Compositionally, this is probably a bit loose and could be tightened up a bit by making it a portrait aspect ratio instead of square. The scene itself doesn't really need the extra space horizontally.
She is fairly attractive and her proportions are pretty good, so that's plus.
The lighting is incoherent because you have your main light source back-lighting the subject, yet, the subject is very bright in the front, as if there's another bright light source in front of her. To make the problem worse, that unexplained light source apears to be very diffused and coming from all directions, as if she's in a photography studio with a bunch of photography lights all going off as once. In order to make your scenes credible and authentic, you must first decide on exactly what your light sources are and then stick to it.
She should have a clear rim light on her from the moon, but the rest of her should be much darker, pretty much a silhouette. If you want to illuminate her from the front, then you need to think of a credible light source--perhaps a torch light, a bonfire, or even magical light--anything but a nondescript diffused light.
Her hair looks too stuff, like dried hay. Taper your lines when you paint hair strands. Set your pen to vary brush size by pen pressure, and then practice drawing tapered lines--it makes all the difference in the world.
Her clothing doesn't look credible because the lack of folds and wrinkles show you don't know how to depict natural looking folds and wrinkles, but by skipping them, the clothing looks over simplified in contrast to the details we see in the rest of her.
This is one of the obvious drawbacks of using photo references as a crutch--whatever isn't in the photo reference, you have a hard time painting out of your head, and it always looks less realistic/detailed/natural than the parts that did use photo reference.
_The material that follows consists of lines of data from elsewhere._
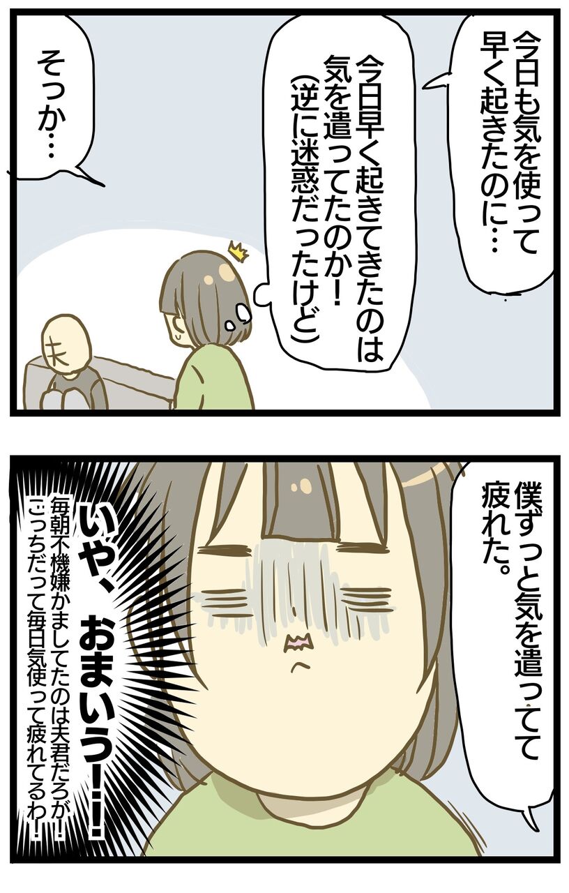 私が求める気の使い方ではなかったですし「いやいや、毎朝気を遣ってたのはこっちだわ!!」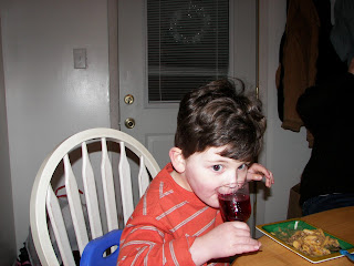 A, cooperative little ham, happily drank his grape juice and handled his "wine glass" like a champ...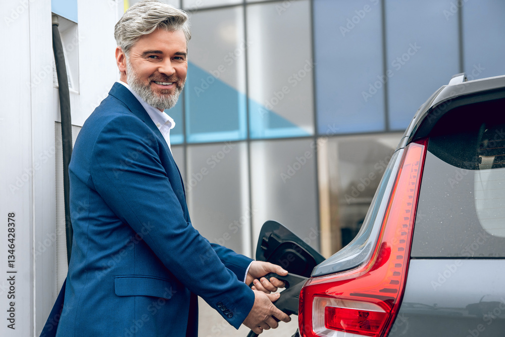 Man in suit refueling his vehicle at station with unleaded petrol holding the nozzle
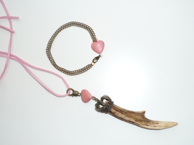 Hirschgeweih mit Kronenfassung und Rosa Steinherz an Rosa Lederband und passende Armkette

The ocean looks too vague. The ripples and waves when backlit like that are actually very contrasty. Even if there's fog/mist, it still wouldn't look so smudgy. Instead, you should paint a contrasty ocean, then put a layer of fog/mist over it, instead just painting the ocean really vague and smudgy.
At first I was like in my head.. "WOW I'M SO HORRIBLE.. OH MY GOD. WHY AM I DOING THIS?!" and then I realized that I was being a drama queen.
Took some breaths, and then re-read it looking at it from a different perspective. Haha. Had my husband read it too.
So... should I shelve this or redo it?